22.9.10

Fish Tank


Großbritannien, Niederlande 2009 (Fish Tank) Regie: Andrea Arnold mit Katie Jarvis, Rebecca Griffiths, Michael Fassbender 124 Min.

Wenn keines der Label wie „Romantische Komödie“ oder „Road-Movie“ richtig passt und wenn eine Regisseurin gleich mit ihren beiden ersten langen Spielfilmen den Preis der Jury in Cannes erhielt, dann lohnt sich die Aufmerksamkeit. Andrea Arnold ist eine junge britische Regisseurin, die in ihrem Langfilm-Debüt „Red Road“ die verstörende Geschichte einer Sicherheitsangestellten erzählte, welche bei der Videoüberwachung eine Person aus ihrer Vergangenheit entdeckt hat. In „Fish Tank“ steht wieder eine Frau im Mittelpunkt, diesmal ein junges Mädchen, das Orientierung sucht.

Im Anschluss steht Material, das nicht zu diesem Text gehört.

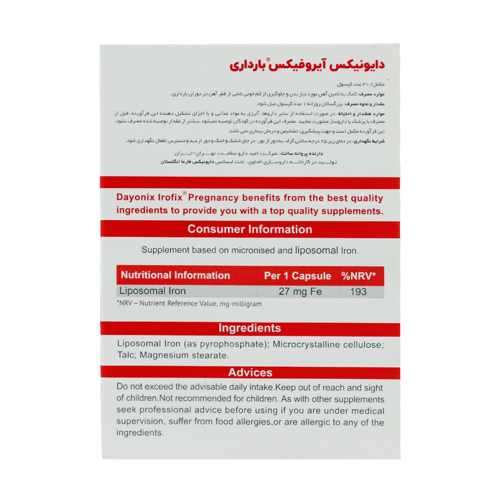 کپسول آیروفیکس بارداری دایونیکس فارما یک مکمل آهن پیشرفته و ویژه برای بانوان باردار است که به شکل کپسول و در بستههای 30 عددی عرضه میشود. این محصول حاوی 27 میلی گرم آهن لیپوزومال است که به تامین آهن مورد نیاز بدن، پیشگیری و درمان کم خونی ناشی از فقر آهن کمک میکند و از عوارضی مانند خستگی، ضعف و کاهش اکسیژن رسانی به بدن مادر و جنین جلوگیری میکند. فرم آهن موجود در این مکمل به صورت لیپوزومال بوده که هم به افزایش جذب آهن کمک کرده و هم عوارض گوارشی را به حداقل رسانده است. این مکمل تحت لیسانس شرکت دایونیکس فارما انگلستان و در کارخانه داروسازی الحاوی در ایران تولید و بسته بندی میشود.

Eindrucksvoll ist dieser Vernichtungs-Feldzug, den die 15-jährige Mia (Katie Jarvis) in ihrer Umgebung anrichtet! Es steckt so viel Wut in diesem schmächtigen Körper, da muss schon mal die Nase einer Freundin dran glauben. Im schwierigen Verhältnis mit der Mutter ist der beste Moment ein Abschied. Wenn man sich zum Abschied wenigstens ein „ich hasse dich“ entgegenschleudert, ist noch alles im Rahmen. Es kann aber auch heftiger und deftiger werden, in diesem Arbeiterviertel mit den aufeinander gedrängten Sozialwohnungen. In Mias Leben mit der Mutter und der kleinen Schwester bot bislang der Tanz einen Fluchtpunkt. Bei eindrucksvollen „Moves“ zwischen HipHop und freiem Tanz schreit sie Aggressionen heraus. Dann steht eines Tages der knackige neue Freund der Mutter in der Küche herum. Es entsteht sofort enorme Spannung, die offen lässt, wer hier eigentlich verführt.

„Fish Tank“ ist immer besonders spannend, wenn es darum geht, wer gerade die Macht hat. Nicht „Die Macht“ aus „Star Wars“, sondern die aus dem ganz alltäglichen zwischenmenschlichen Balance-Spiel. Diese dynamische Intensität wird eindringlich gespielt von der jungen, mittlerweile preisgekrönten Laien-Darstellerin Katie Jarvis und Michael Fassbender („Inglourious Basterds“, „Hunger“) als dem neuen Freund der Mutter. Dieser wartet mit einer Überraschung auf, genau wie der sagenhaft dichte Film seine Figur unerwartet weitertreibt: Mia erlebt man im Wechsel vom Terror-Mädchen, das in den ersten 15 Minuten einen atemberaubende Zerstörungsschneise schlägt, zu einer sehr vielschichtigen und empfindsamen Figur. „Fish Tank“ ist dabei stellenweise märchenhaft, dann wieder ganz real in einer lebensgefährlichen Situation, die Mia herbeiführt. In Momenten der Nähe kann die bemerkenswerte Regisseurin Andrea Arnold problemlos mit Zeitlupe arbeiten. Sie hat ihre eigene Sprache, genau wie die drei Frauen in der engen Wohnung. Diese verstehen sich in der Musik, kennen alle den gleichen Tanz zum Musikvideo im dauerlaufenden Fernseher.

„Fish Tank“ wurde nach Premiere in Cannes 2009 und dem Preis der Jury mit weiteren Auszeichnungen überhäuft: Beste Darstellerin, Edinburgh 2009; Beste Regie bei den British Independent Film Awards 2009 und Gewinner des „Outstanding British Film“ bei den Britischen Filmpreisen 2010.